Conversational reflection and coaching: to offer thoughts on individual reflections that are done after an activity, experience, or subject.

Personalized self or formative assessment: instead of having learners rate their own competencies, place them in a simulation and then have them comment on the assessment.

How to get started with drafting criteria?

Before you start defining the criteria for the AI Assessment of a simulation, we highly recommend that you address the following points and questions.

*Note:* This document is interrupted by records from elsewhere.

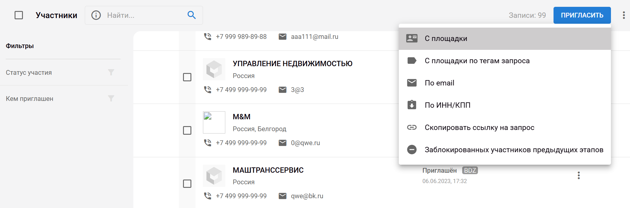 Алгоритмы платформы сами подбирают поставщиков по заданным параметрам и приглашают их к участию в закупке. Это экономит время и сразу увеличивает число релевантных предложений.
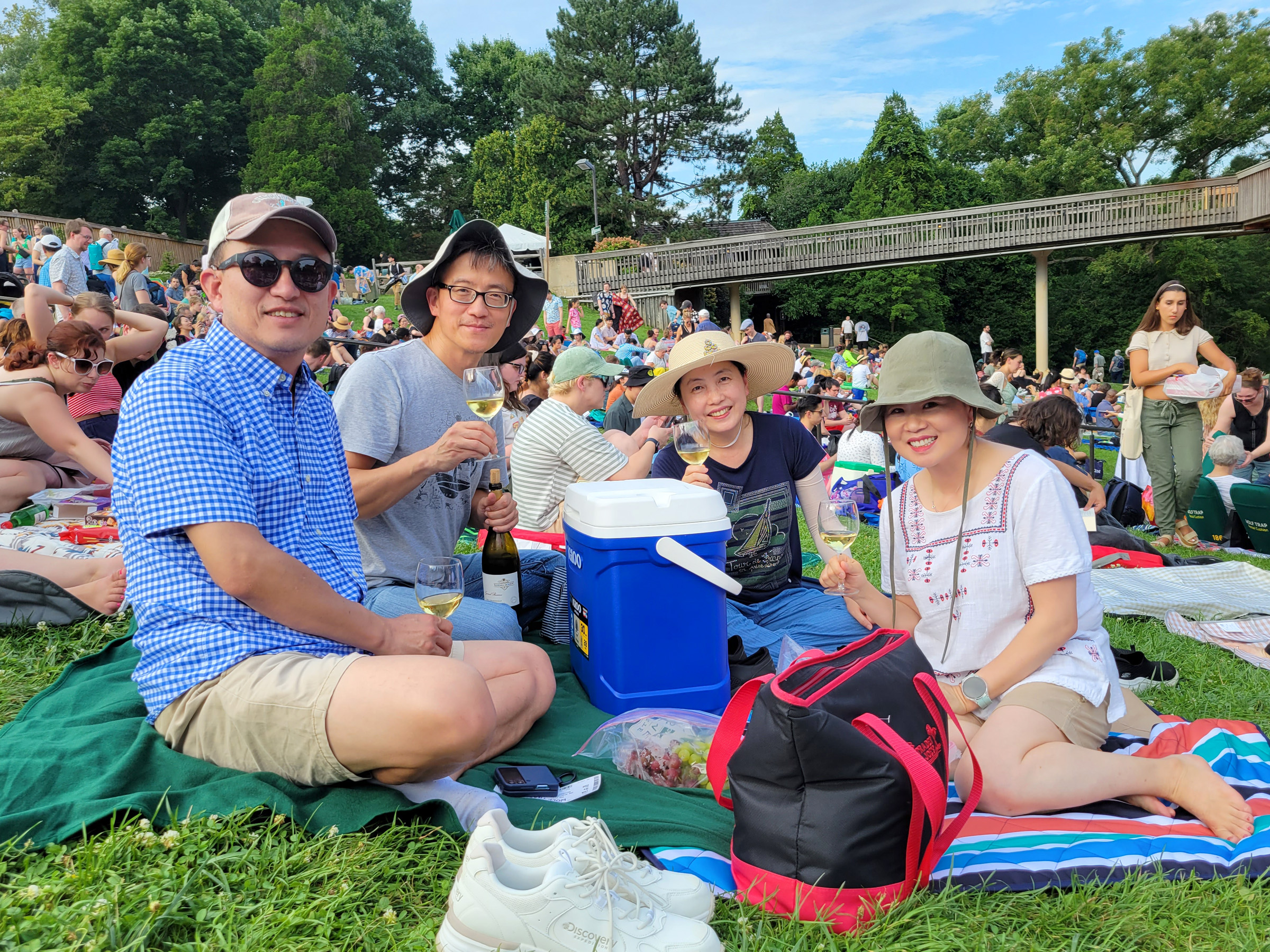 정말 오래간만에 해보는 잔디밭 피크닉으로, 친구분 따님이 만들어 준 샌드위치를 우아하게 유리잔 와인과 함께 즐겼다. 여기서 LA의 유명한 헐리우드보울(Hollywood Bowl)과 비교하지 않을 수 없는데, 주차장과 야외극장 주변으로 엄청나게 많은 피크닉 테이블이 있고 또 제일 앞자리에도 식사를 위한 테이블까지 구비된 박스석이 있는 LA와는 달리 (옛날 포스팅의 사진들을 보시려면 클릭), 여기는 밖에 테이블이 조금 있기는 했지만 대부분 그냥 잔디밭에서 피크닉을 하며, 지붕이 있는 앞쪽 좌석에서는 음식물을 먹을 수 없다는 것이 가장 큰 차이점이었다.
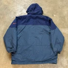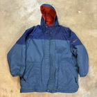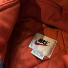 Vtg Nike Hooded Puffer Jacket two tone split colorway puffer full zip, orange swoosh on left sleeve Size: XL Length: 34 in. Pit to Pit: 31 in. Flaws: none
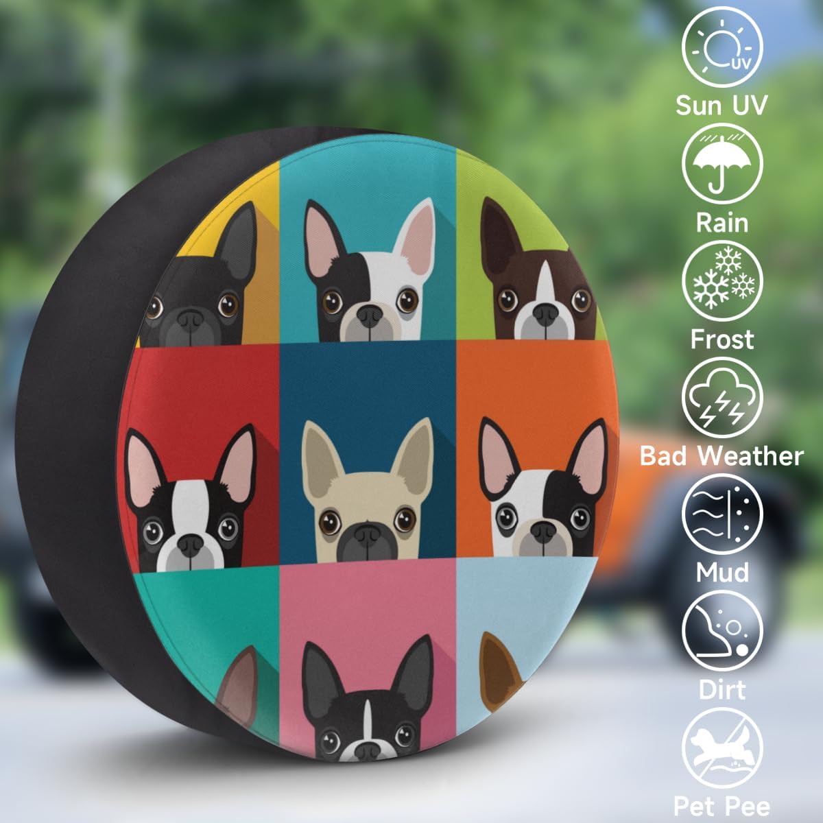 Product size: 14 inches, 15 inches, 16 inches.About Printing:Digital printing technology, single side printing, not easy to fade.Product/Fabric Thickness:Polyester fabric; 1mm thickness.We understand the importance of convenience, which is why our tire cover is incredibly easy to clean. Simply wipe it with water or use a mild detergent for tougher stains, and it will be as good as new. No need for elaborate cleaning procedures or expensive maintenance products—our spare tire bag ensures hassle-free upkeep.The soft and smooth texture of tire covers for cars guarantees that your tires remain scratch-free and undamaged. The fabric's gentle touch prevents any abrasive contact with the tires' surface, preserving their longevity and overall condition. Drive with confidence, knowing that your tires are protected by a cover designed with care.We emphasize precision and quality in every aspect of our tire cover's construction. The reinforced stitching ensures durability and longevity, even when subjected to rigorous use. The neat and tight stitching guarantees that the tire cover holds its shape flawlessly, maintaining its aesthetic appeal.RV spare tire cover shields your tires and wheels from a wide range of potential damages. It effectively blocks harmful UV rays, preventing sun damage and premature aging of the tire rubber. The cover acts as a barrier against rain, dirt, dust, and other environmental factors, keeping your tires in optimal condition and extending their lifespan.If you have any questions about our trailer wheel covers, please contact us. We will reply to you and deal with your problem within 24 hours. Bring you the best shopping experience.
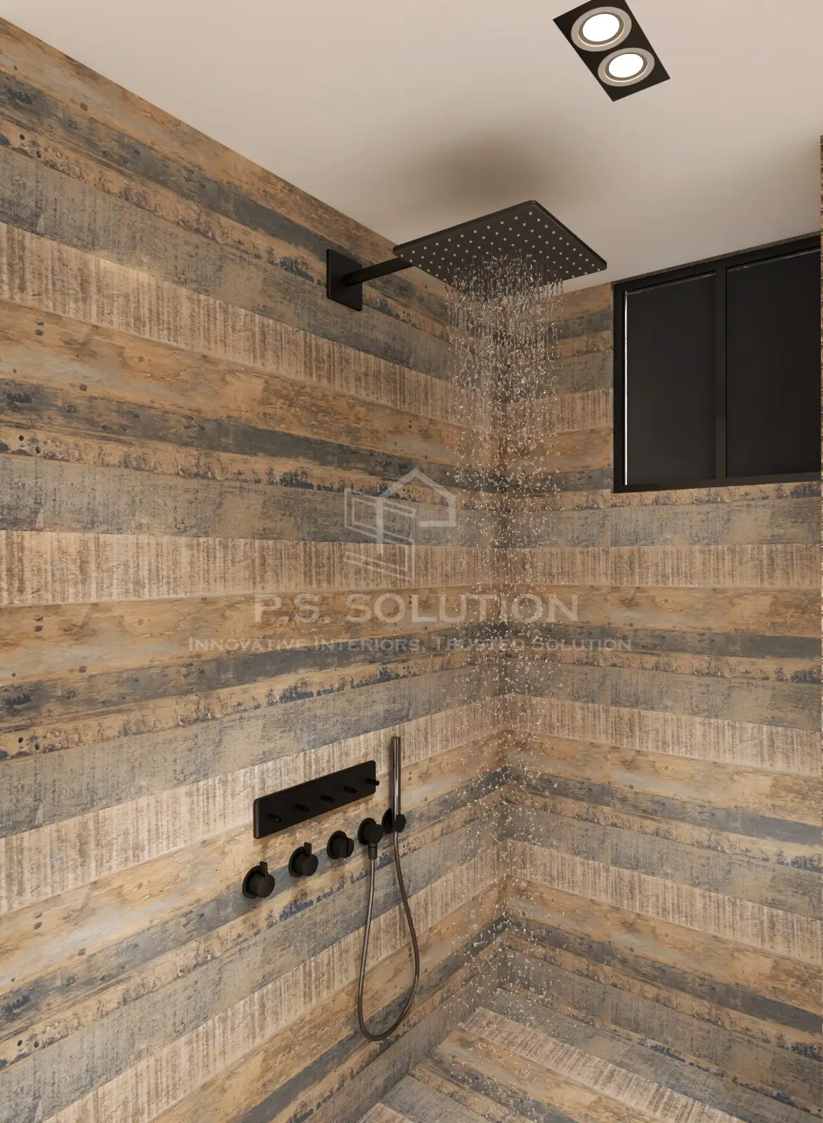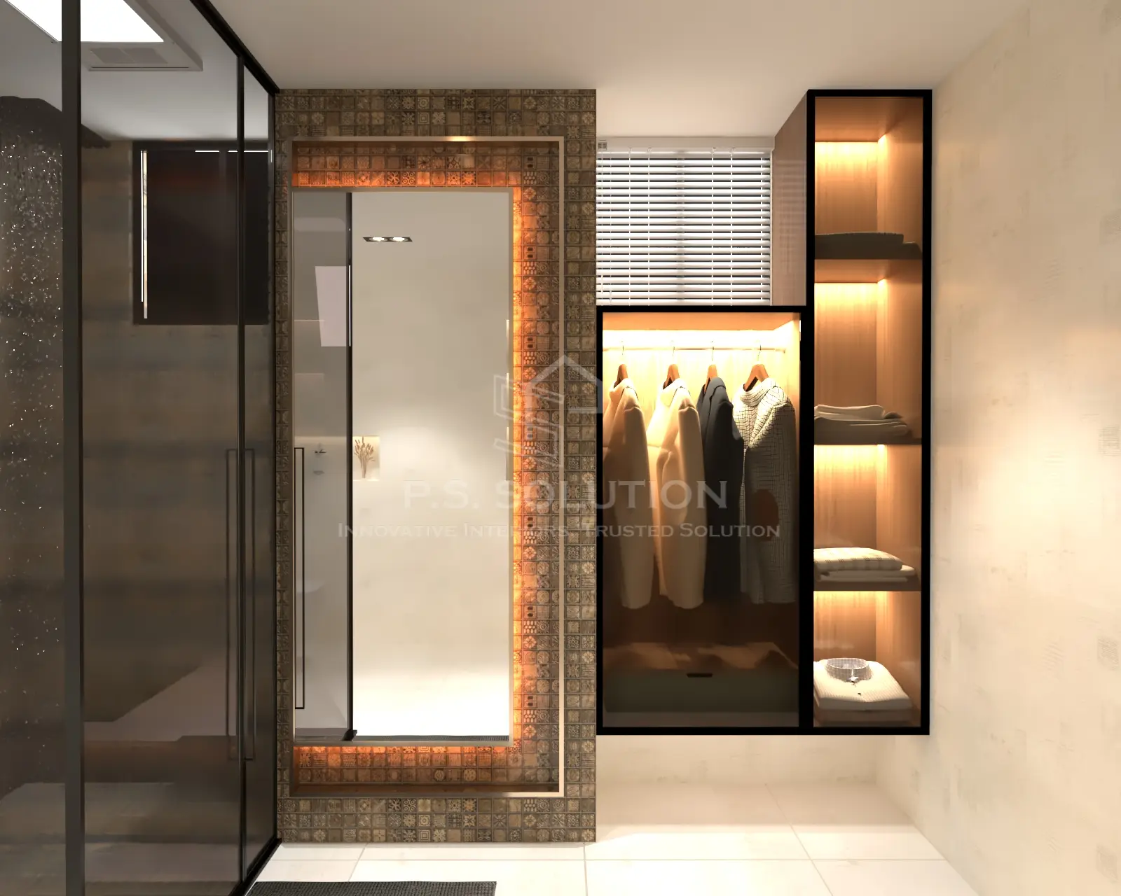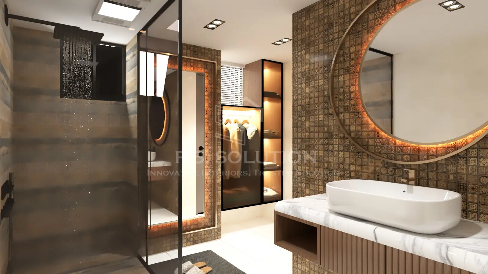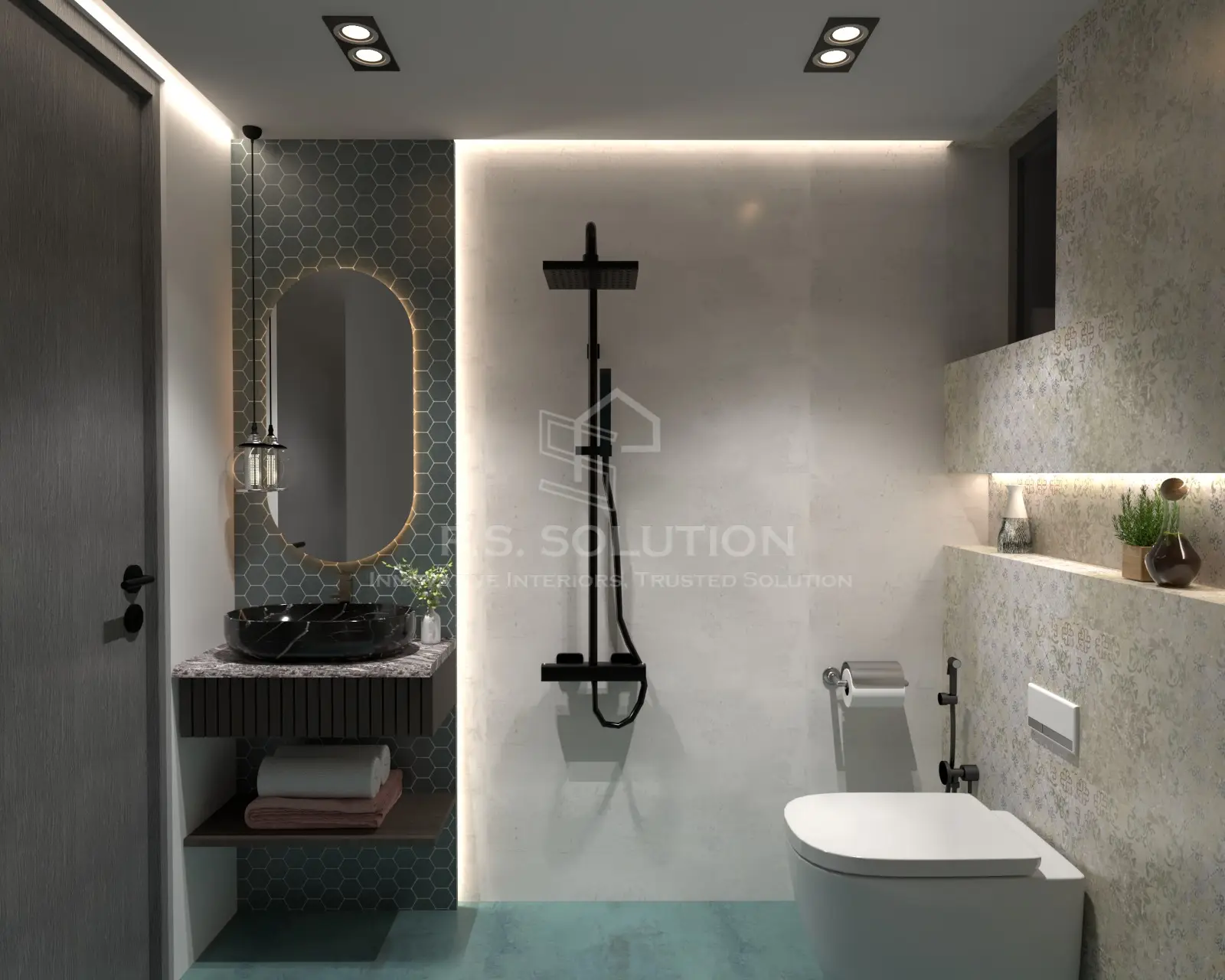 • Modern Bathroom: A spa-inspired sanctuary featuring matte black fixtures, a floating vanity with under-cabinet lighting, and a frameless glass shower enclosure. The walls are clad in large-format porcelain tiles for a sleek, seamless look, while a backlit mirror adds a touch of luxury.

Consider the learning goals of the broader learning experience and the learning objectives of the simulation/exercise in particular.
1. What are the learning goals of the overall learning experience?
2. Where does this simulation sit within the larger learning experience (i.e., what is the context around the simulation and the scaffolding leading up to it)?
3. What are the learning objectives of the simulation?
4. How does the simulation build skills or understanding toward the overall learning goals?
Break down skill sets or understanding into their components (the level of detail will depend on your answers to Question #1).
1. How might complex or intricate tasks be split into simpler components?
2. What components do you want to focus on?
3. For a skill like conflict resolution, the components of interest might be active listening, emotional regulation, self-awareness, and problem solving creativity.
4. For content or process understanding, which pieces of the content or process do you want to ensure that learners comprehend? Is it important that learners be able to describe the non-violent communication framework or their takeaways for how to integrate the framework into their daily lives?
Identify the key behaviors or responses that you want learners to verbally display for each component.
1. Referring back to the conflict resolution example outlined in Question #2, for the active listening component, you might be interested in gauging whether learners have picked up on a specific piece of information shared by the AI Character or the extent to which the concerns of the AI Character were addressed in the learners’ responses.
2. If the goal is to evaluate understanding of, for instance, the non-violent communication framework, what about the framework specifically do you want them to mention?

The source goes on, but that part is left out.